Perhaps your parents will be led by you and it will never need a conversation.

SusanHollander Mon 06-Jul-15 16:34:39

My parents smacked me a lot as a child. We haven't discussed smacking but they see that I use time out as my preferred method of discipline and just agree it's intelligent and they wish they had has it back in the 70s and 80s when we were growing up. My in-laws do a bit of childcare and when DD played up the other day MIL put her on time out.

I've no idea whether we parent correctly or not these days...every method is abusive to someone, somewhere. The odd smack really wouldn't have hurt me, it was the fact that my Dad would deliver several in a row in a total rage and then want a cuddle afterwards when he was feeling awful and we were hiding out somewhere that did the damage! My mum smacked occasionally and honestly it didn't do me any harm - her emotional dysfunction and unavailability was the problem!

HaleMary Mon 06-Jul-15 16:37:13

It has never occurred to me to explain my parenting to my parents, but if it became necessary I would be entirely upfront about doing my best to do things entirely differently to the way I was brought up, and that an angry adult hitting a child is not a mode of parenting I want anything to do with.

FenellaFellorick Mon 06-Jul-15 16:41:10

I haven't.
I don't owe them one.
I won't be hitting my kids and I don't need to justify that to anyone, not even my parents.
My dad hit me with a belt.
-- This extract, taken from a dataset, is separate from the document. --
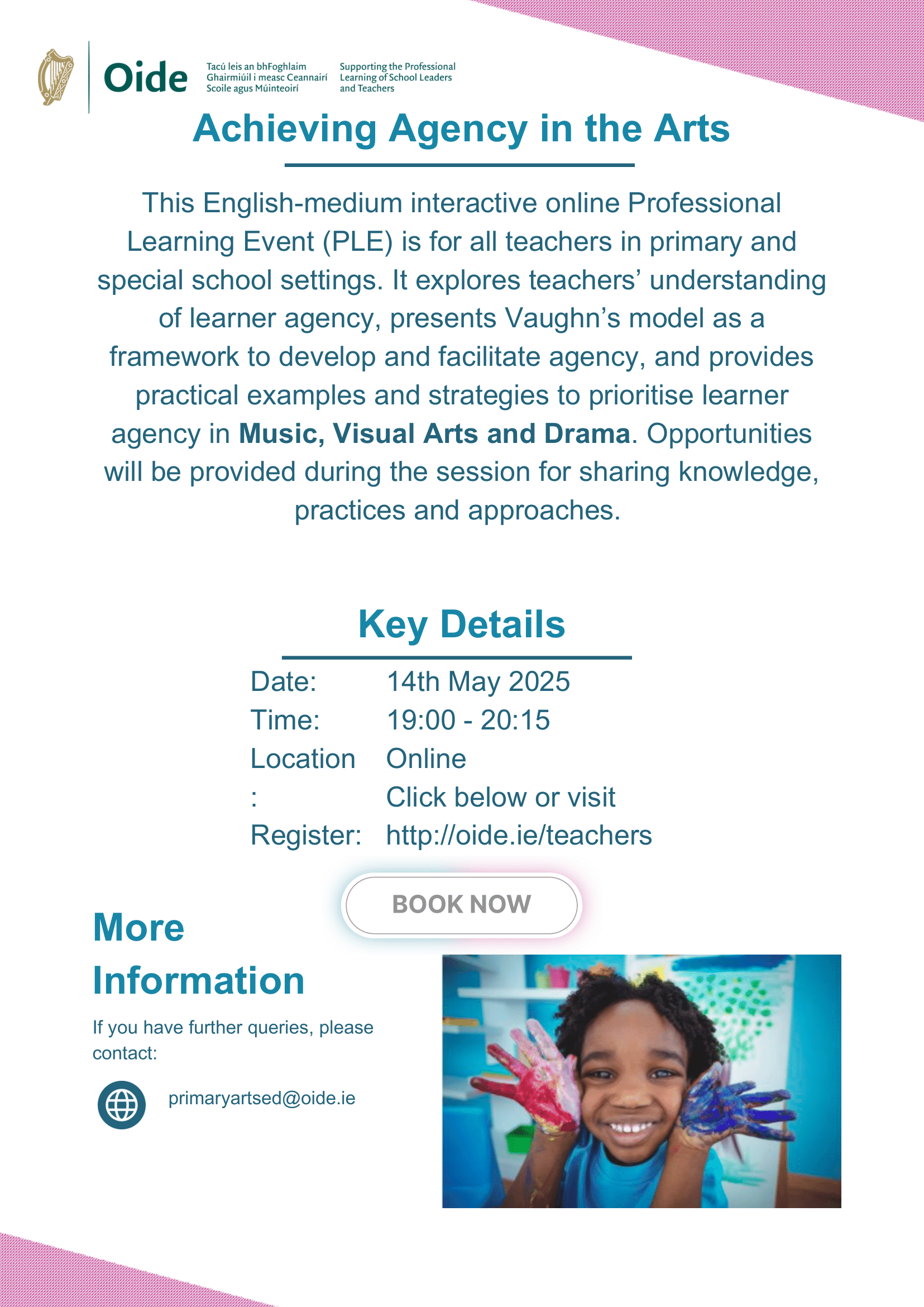 Oide Primary Arts Education Team are delighted to share details of our Achieving Agency in the Arts online interactive Professional Learning Event (PLE). This English-medium PLE will emphasise the need to foster and develop an inclusive approach to learner agency in the Arts, at all stages of learning. This PLE will facilitate collaboration and the development of an understanding of learner agency. Participants will have an opportunity to explore and share strategies to prioritise learner agency in arts education in their own setting. Details below and register here.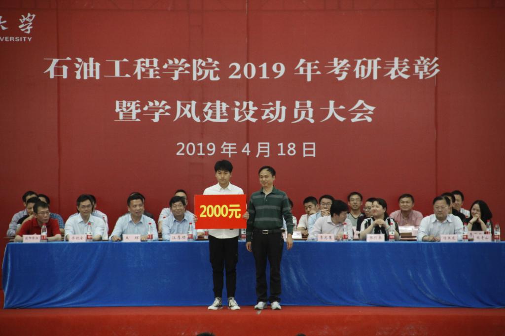 等18所学校或科研院所录取,其中石油之光21501班录取率为62%,华林公寓2#220和校内女寝4#547两个寝室更是取得“全员高中”的好成绩。随后,10位考研优秀学生代表和15位考研先进集体学生代表依次上台接受表彰并与颁奖领导合影留念。考研优秀学生代表、石油之光21501班朱清源(384分考取中国石油大学(北京))和储运21503班李伯英(354分考取91网

He has nothing of value to contribute to a discussion about discipline.

Nydj Mon 06-Jul-15 18:33:59

My mum smacked us but is very anti-smacking now. She acknowledges that there is a lot more help and support available for parents nowadays in terms of finding alternative ways of disciplining children without resorting to violence. I can't remember specifically telling my mum about our decision so can't help you that front - sorry.
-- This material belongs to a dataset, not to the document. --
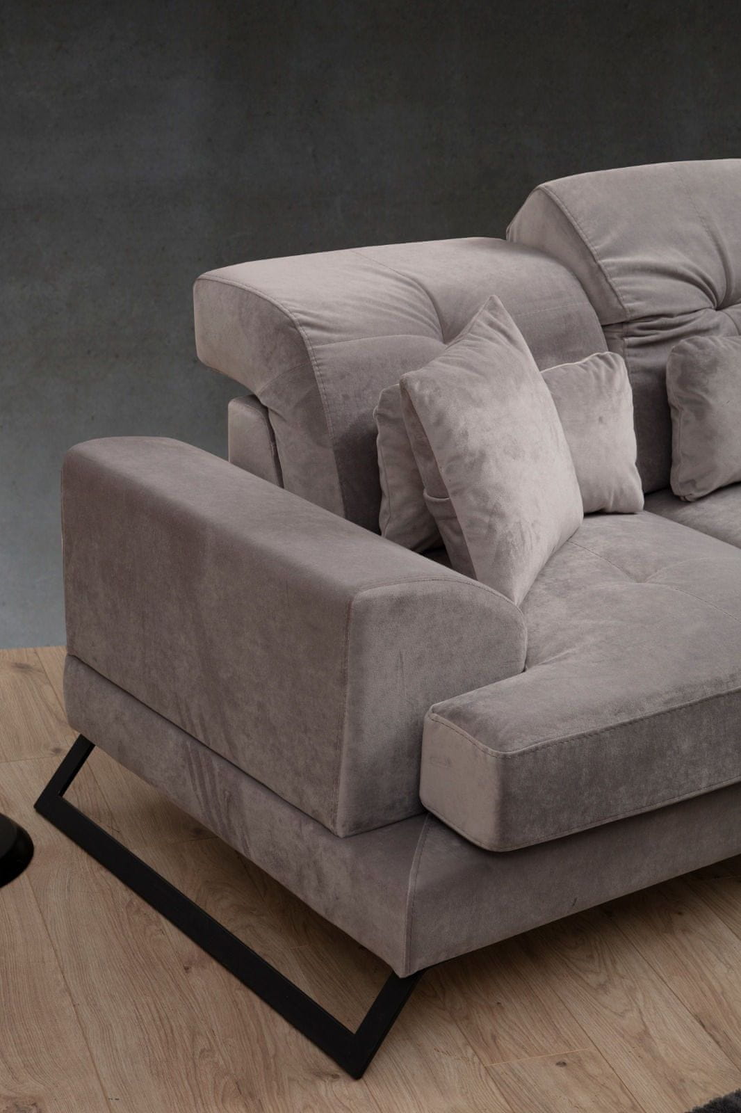 Okvir: BUKOV LES / IVERNA PLOŠČA Tkanina: 100 % POLYESTER Dolžina: 185 cm Širina: 100 cm Višina: 92 cm Pena: 28 DNS mehka siva pena / 24 DNS perje / vzmet na sredini Za sedenje 60% rezana pena / 40% silikonska pena za hrbet Sistem: Sistem kavča z nastavljivim mehanizmom naslonjala za hrbet Blazina: 60 % rezana pena / 40 % silikonska pena Velikost: 45 cm x 45 cm (2 kosa) Velikost: 55 cm x 32 cm (2 kosa) Prenosna blazina za sedenje/ fiksna blazina za hrbet Tkanina, ki se lahko suho čisti Noge: Kovinske noge: mat črne barve Višina pene: 23 cm Višina nog: 14 cm Število paketov: 2 190 × 97 × 59 cm / 52 kg (1 kos) 93 × 33 × 10 cm / 6 kg (1 kos)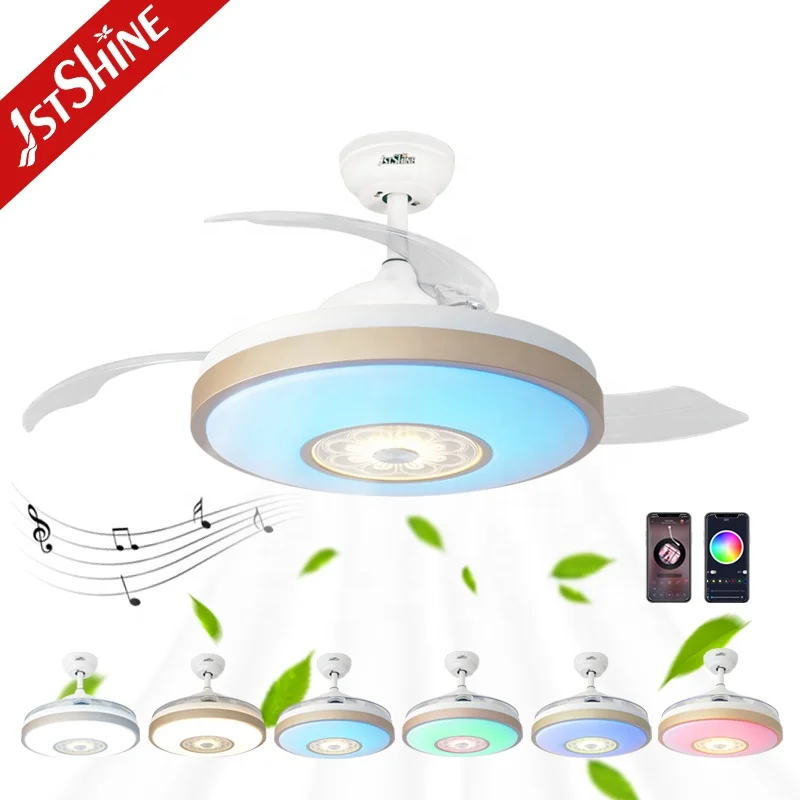 1stshine LED Ceiling Fan Bedroom Soft Wind Retractable LED RGB Lighting Ceiling Fan and Remote Control

Polyethyl Mon 06-Jul-15 18:37:20

I was raised by hand, by short tempered parents. They have grown into the most doting and soppy grandparents. I explained the no smaking rule as husband would be furious. And societal norms have changed over the decades and people now get reported to social services by busybodies for small that used to be considered normal parenting.

Heartofgold25 Tue 07-Jul-15 19:53:08

If you want the easy way out tell them it is against the law these days, and you support the idea, and don't feel the need to use smacking.

If you would prefer a more honest approach, as I did, I chatted to my parents about raising children and that I was not in favour of hitting my children under any circumstances. We spoke about new parenting ideas. My parents DO look after my children, so I did need to set the record straight no shouting and definitely no smacking. I told my mother quietly that if they ever did, that would be their last time they would ever look after my child. They took it quite well because they feel guilty now!!! smile and could not be more accommodating.

I had a few moments with father dear who felt the need to raise his eyebrows and complain when my child felt the need for a tantrum when she was young, but I know deep down he is glad we don't hit our children.

Lonz Tue 07-Jul-15 22:51:04

I got smacked as a kid. It worked. Never really spoken about how I parent. Not really a topic of conversation. I don't care that I was smacked as a kid. (Probably why most teens these days are gobby f*cks!)
I don't smack my son by the way. Don't think it's necessary but I don't hate my mum for doing it either.

WorldsBiggestGrotbag Wed 08-Jul-15 05:59:20

My mum smacked me a lot more than once so it obviously didn't work as I carried on doing whatever I was being smacked for!

dotdotdotmustdash Thu 09-Jul-15 13:06:45

My Mum was big on giving a heavy smack to the side of my head, right until my mid-teens when I eventually smacked her back.

When I had my own DC I told her quite clearly that I never wanted them to be smacked by her. I also told her that I had despised her after she hit me and I never, ever wanted my own children to feel so much hatred towards me.

I have a lovely relationship with both of my teenagers (DS18 and DD16) and I hope my mother acknowledges somewhere in her mind that her actions caused our relationship, both then and now, to be a poor one.